◆ WHAT THIS TASK INVOLVES
Your task is to print all of the entries exactly, though the pictures should not be included.

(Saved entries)
+-------+

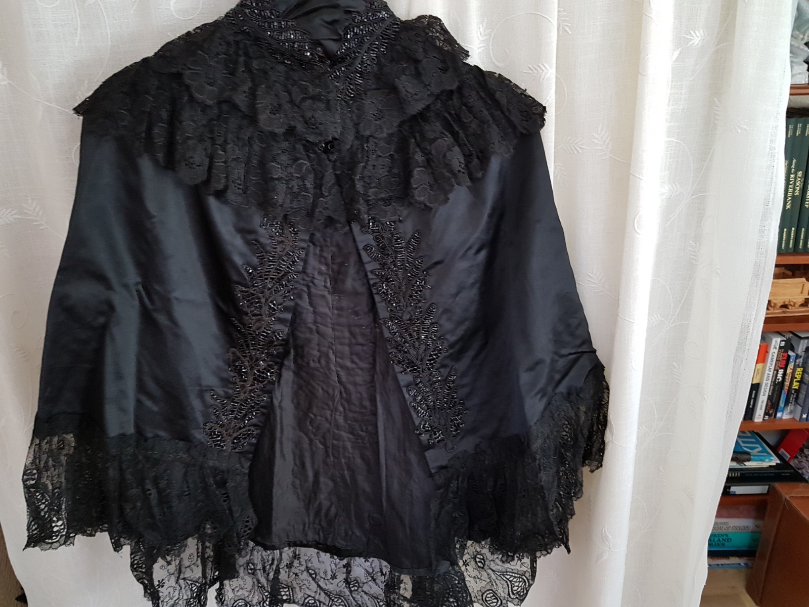 Antique Black Victorian Cape, Cloak: Jet Beads, Silk Satin & Chantilly Lace
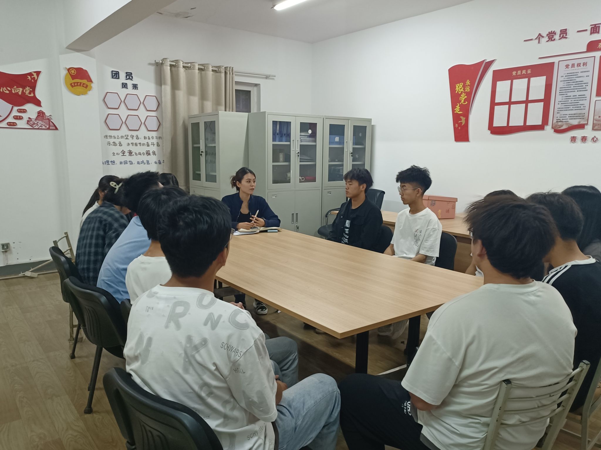 化学工程与工艺专业学生党支部于六号楼工作站开展“传帮带 促成长”主题党日活动。党支部书记盖潇宇主持,2020级学生党员代表和2023级全体入党积极分子参与。
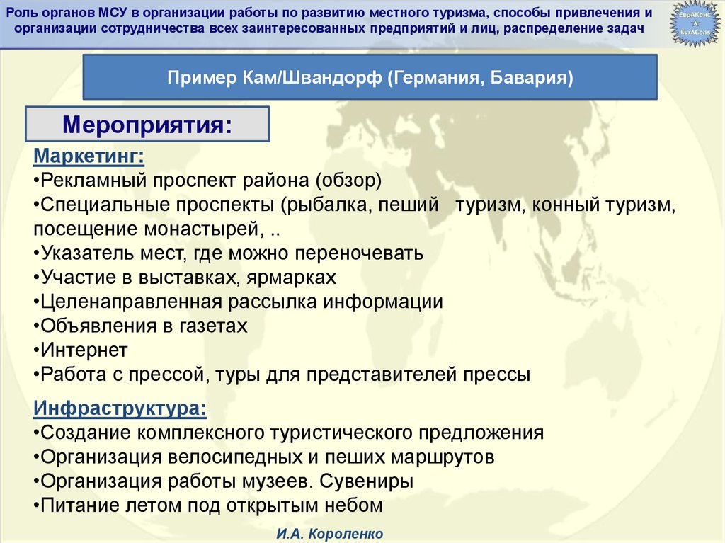 Роль органов МСУ в организации работы по развитию местного туризма, способы привлечения иорганизации сотрудничества всех заинтересованных предприятий и лиц, распределение задач
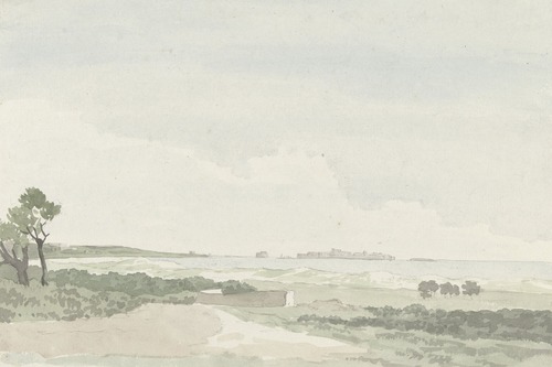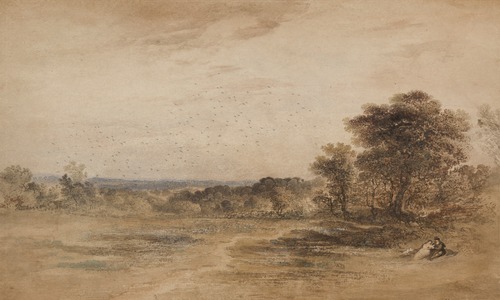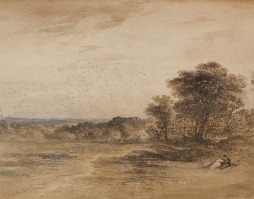 MUDECOR Framed Pastoral Scene with Figure and Flock Serene Meadow and Sky Illustrations Minimal Relax Living Room Bedroom Office NATURAL
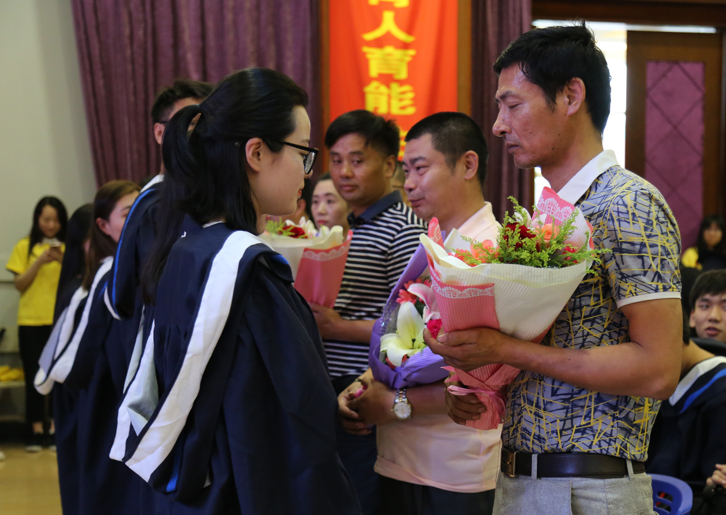 优秀毕业生给家长献花
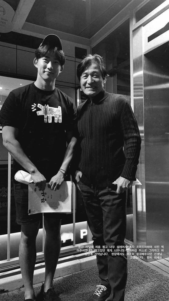 옥택연과 故안성기(옥택연 SNS) (서울=뉴스1) 고승아 기자 = 그룹 2PM 겸 배우 옥택연이 고(故) 안성기와 추억을 회상했다. 옥택연은 지난 5일 자신의 인스타그램 스토리에 "'한산' 리딩 때 처음 뵙고 너무 설레서 혼자 조마조마하며 사진 찍어주시겠냐고 떨고 있던 제게 너무나도 인자하신 미소로 그러자고 하셨던 게 기억납니다"라고 글을 올렸다. 옥택연과

+-------+

◆ RESPONSE BOX
 Antique Black Victorian Cape, Cloak: Jet Beads, Silk Satin & Chantilly Lace
 化学工程与工艺专业学生党支部于六号楼工作站开展“传帮带 促成长”主题党日活动。党支部书记盖潇宇主持,2020级学生党员代表和2023级全体入党积极分子参与。
 Роль органов МСУ в организации работы по развитию местного туризма, способы привлечения иорганизации сотрудничества всех заинтересованных предприятий и лиц, распределение задач
 MUDECOR Framed Pastoral Scene with Figure and Flock Serene Meadow and Sky Illustrations Minimal Relax Living Room Bedroom Office NATURAL
 优秀毕业生给家长献花
 옥택연과 故안성기(옥택연 SNS) (서울=뉴스1) 고승아 기자 = 그룹 2PM 겸 배우 옥택연이 고(故) 안성기와 추억을 회상했다. 옥택연은 지난 5일 자신의 인스타그램 스토리에 "'한산' 리딩 때 처음 뵙고 너무 설레서 혼자 조마조마하며 사진 찍어주시겠냐고 떨고 있던 제게 너무나도 인자하신 미소로 그러자고 하셨던 게 기억납니다"라고 글을 올렸다. 옥택연과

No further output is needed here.